Nationwide Emphasizes Dual Role of Saving and Debt Reduction

By talking about the power of compounding and emphasizing the importance of investing at the same time one is paying down debt, advisers can inspire younger clients to save more and save earlier.  

Nationwide Retirement Institute has published a new analysis focused on instilling positive savings behaviors among younger workers, “Smart financial moves in your 20s and 30s.”

According to Nationwide, most people wish they had handled their money differently in the past year, including many who say they wish they had saved more for retirement. On average, the survey shows, employees start saving for retirement at age 31.5—meaning they have about 35 years of asset accumulation and potential investment earnings to rely on at retirement.

However, Nationwide says, if workers started saving for retirement eight years sooner on average, they would have significantly more available for retirement income. The analysis steps through the example of a participant who is paid twice a month and contributes $50 per pay to an account that earns 6% annualized return on investment. If an employee starts this regimen at age 23, they can generate up to $88,572 more than if they started at age 31. At $100 per pay, Nationwide says, the difference would be $177,143.

“The difference is more than just added accumulation, of course,” the analysis says. “It represents the effect of compounding, the process in which an asset’s earnings are reinvested to generate additional earnings over time. All other things being equal, the more time a saver allows their assets to grow, the more compounded growth occurs. The growth can become exponential.”

According to the survey, workers are broadly aware of the power of compounding, and many say they are simply unable to save more and save earlier. More than half (61%) say debt has negatively impacted their retirement savings, from credit card debt to mortgage debt and student loans. Nationwide says workers also face higher costs for big-ticket items, which are rising faster than the overall inflation rate.

“For example, homes cost more,” the analysis says. “In the first quarter of 2018, the median sales price of existing homes was up 5.8% over the same period of the previous year.

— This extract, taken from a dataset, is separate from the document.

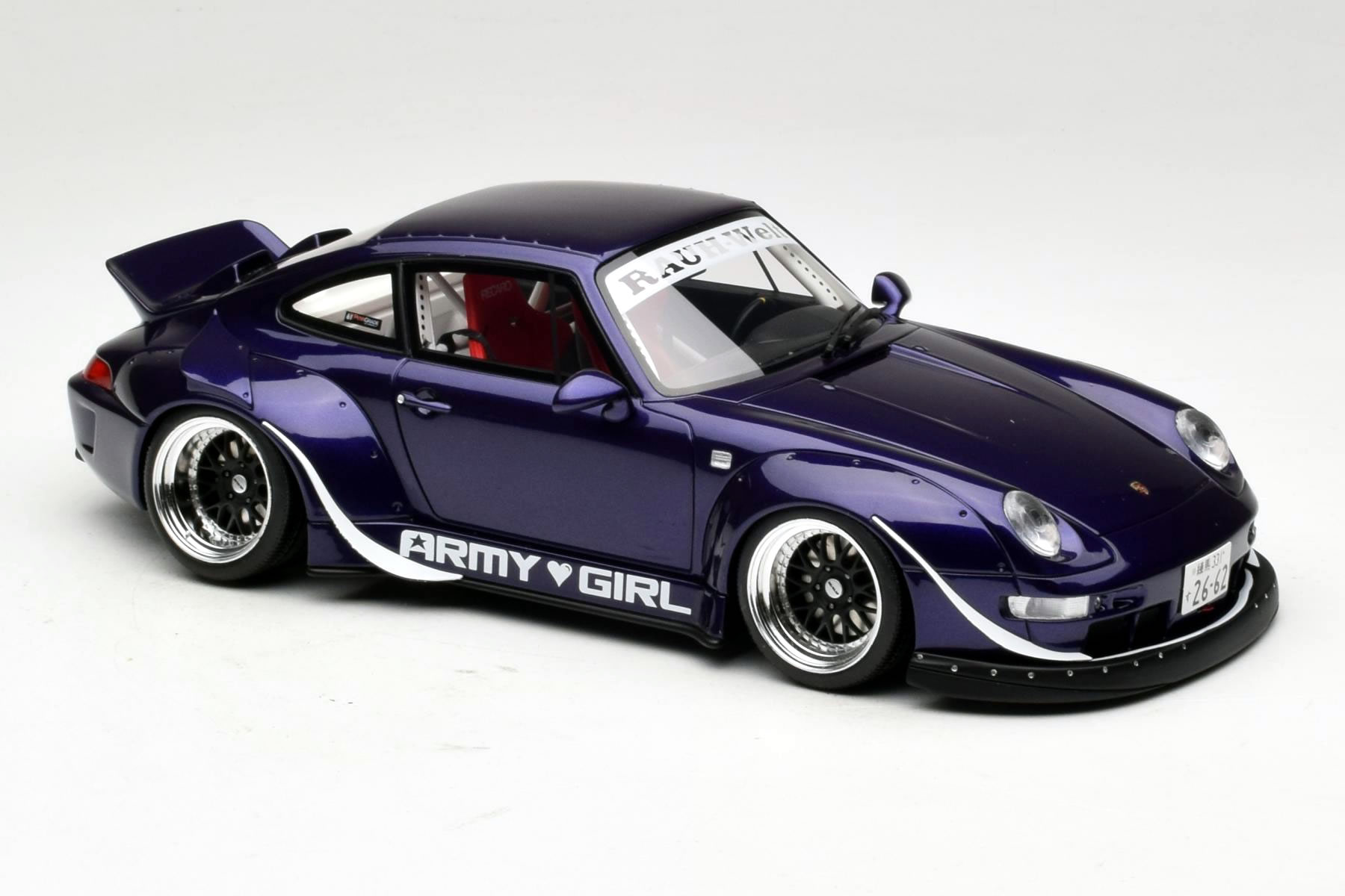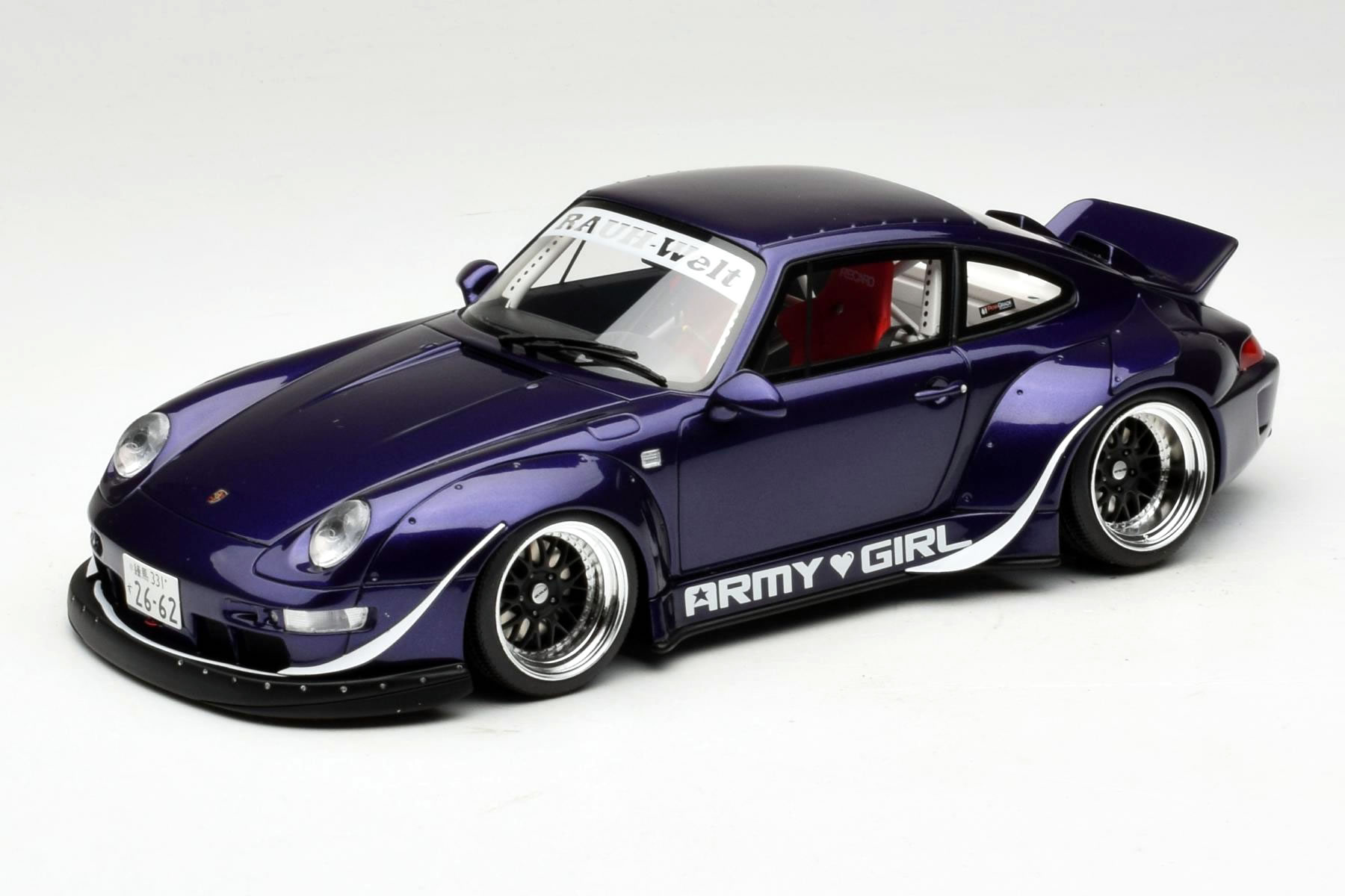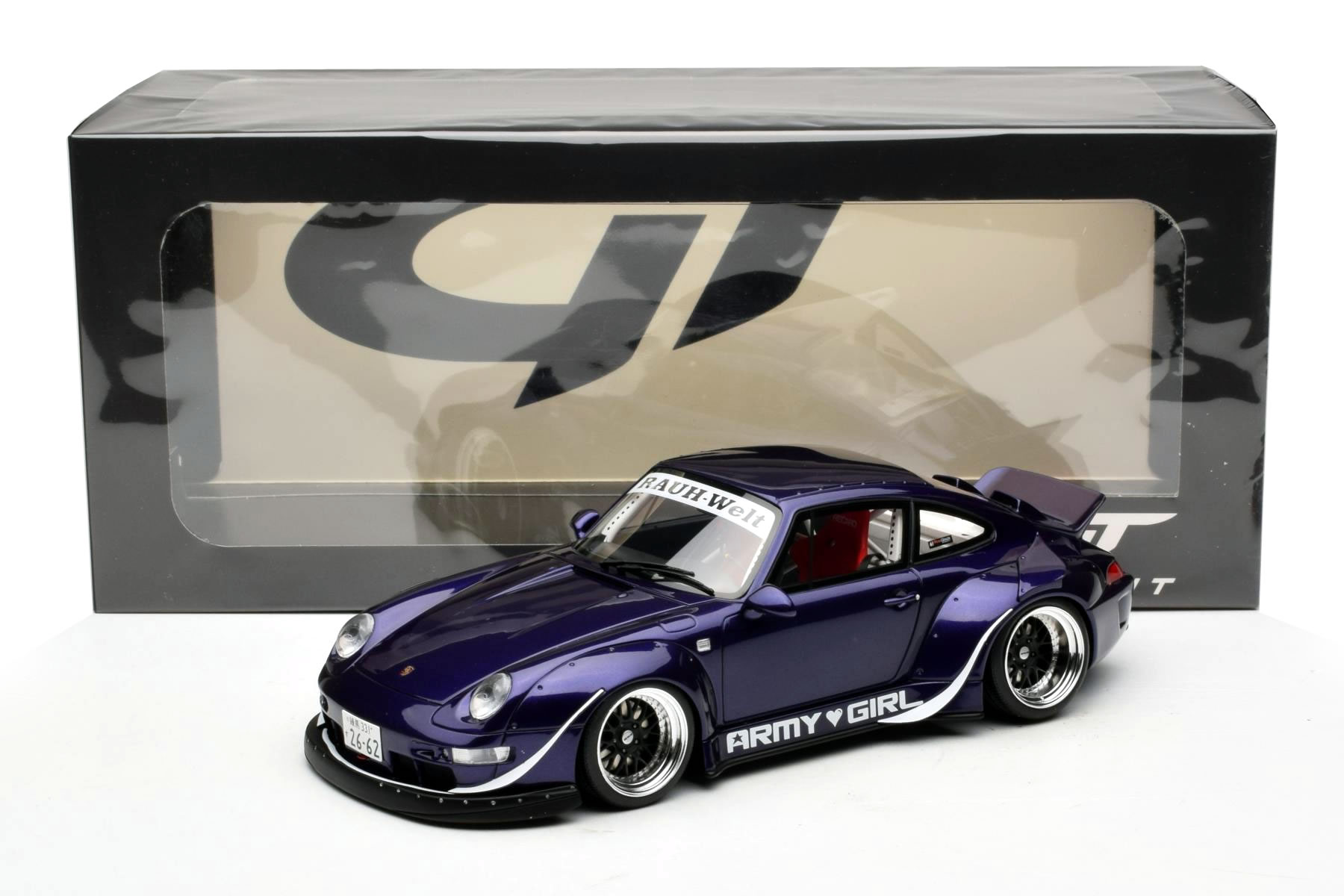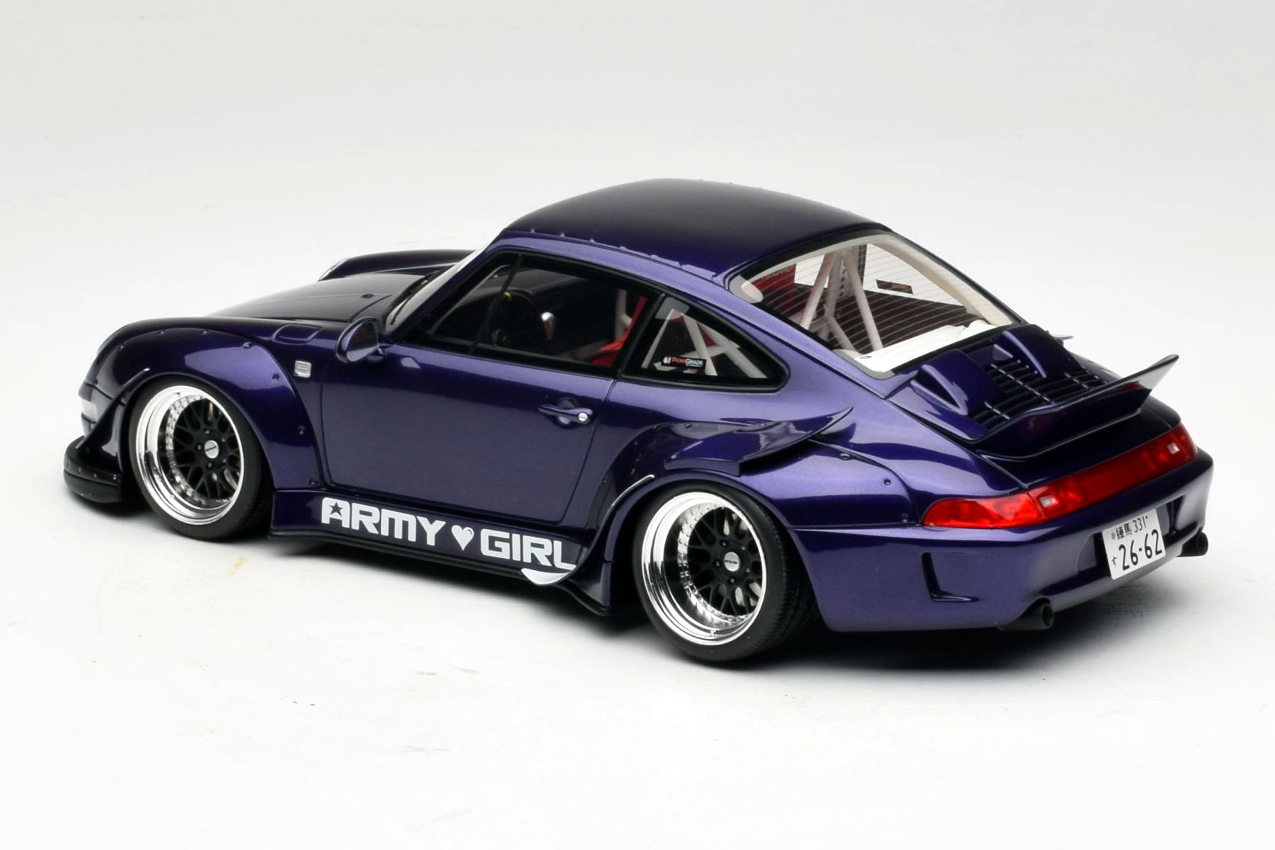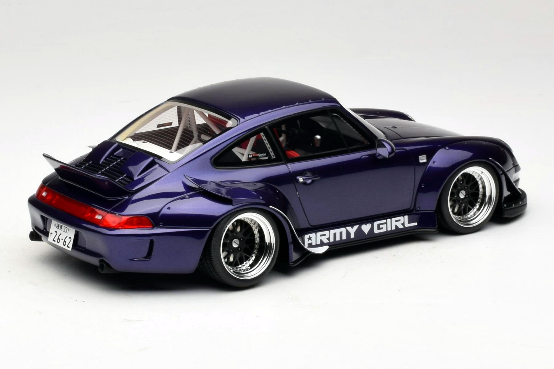 Macheta Porsche 911 RWB „Army Girl” Mov 1:18 GT Spirit (GT562), reproduce celebrul model modificat de Rauh-Welt Begriff (RWB), cunoscut pentru kiturile widebody extreme și stilul inconfundabil. Această versiune specială se remarcă prin grafica distinctivă “Army Girl” și finisajul spectaculos în culoarea Purple, care oferă un aspect agresiv și exclusivist. Construită din rășină (resin), macheta oferă un nivel ridicat de detaliu și fidelitate, fiind o piesă premium pentru colecționari.

Rising interest rates and home prices have driven up mortgage rates and depressed affordability. Many potential buyers are also renting longer which is causing rents to rise at the fastest pace in two years.”

In addition, those who wish they could save more point to the rising costs of child care and health care.

Actions to take now

According to Nationwide, virtually all employees who are not already doing so, should start contributing to a retirement plan immediately. Those facing debt payments must also prioritize long-term savings, as difficult as this may seem.

“Employees may be able to reduce their student loan payments, accept a slightly later payoff and contribute the difference to their retirement savings account—allowing compounding more time to work,” the analysis says. “Individuals could reduce their monthly saving for a house down payment and contribute the difference to a retirement account. Doing so would delay reaching the down payment, but potentially only by several months rather than several years. Meanwhile, the saver would kick-start their retirement savings.”

Among other examples, the analysis considers a theoretical employee who is paying $500 a month on a 10-year, $35,000 student loan that charges 6% annualized interest. The terms of the loan require a minimum payment of $390.

“By repaying more than the minimum, she will save $10,594 in interest and cut the payoff period by 1.80 years,” the analysis says. “Or, she could contribute $55 per pay ($110 per month) to her retirement account by reducing her loan payment to the monthly minimum. In doing so, she would accumulate $16,267 for retirement over the 10-year period while paying $10,594 interest, a net savings of $5,673.”

The analysis also encourages younger workers to think about funding a health savings account (HSA), should their employer make one available.

“Let’s consider a hypothetical example of an employee capitalizing on the HSA triple tax advantage,” the analysis says. “Saving $20 per pay ($40 per month) into an HSA, he could have $26,920 after 30 years. If the employee increased his savings to $50 per pay ($100 per month), that amount could grow to $67,301. By increasing to $65 per pay, the employee could have an additional $40,000 of tax-free dollars—more than $100,000 total—to help pay out-of-pocket health care expenses that may arise in retirement.”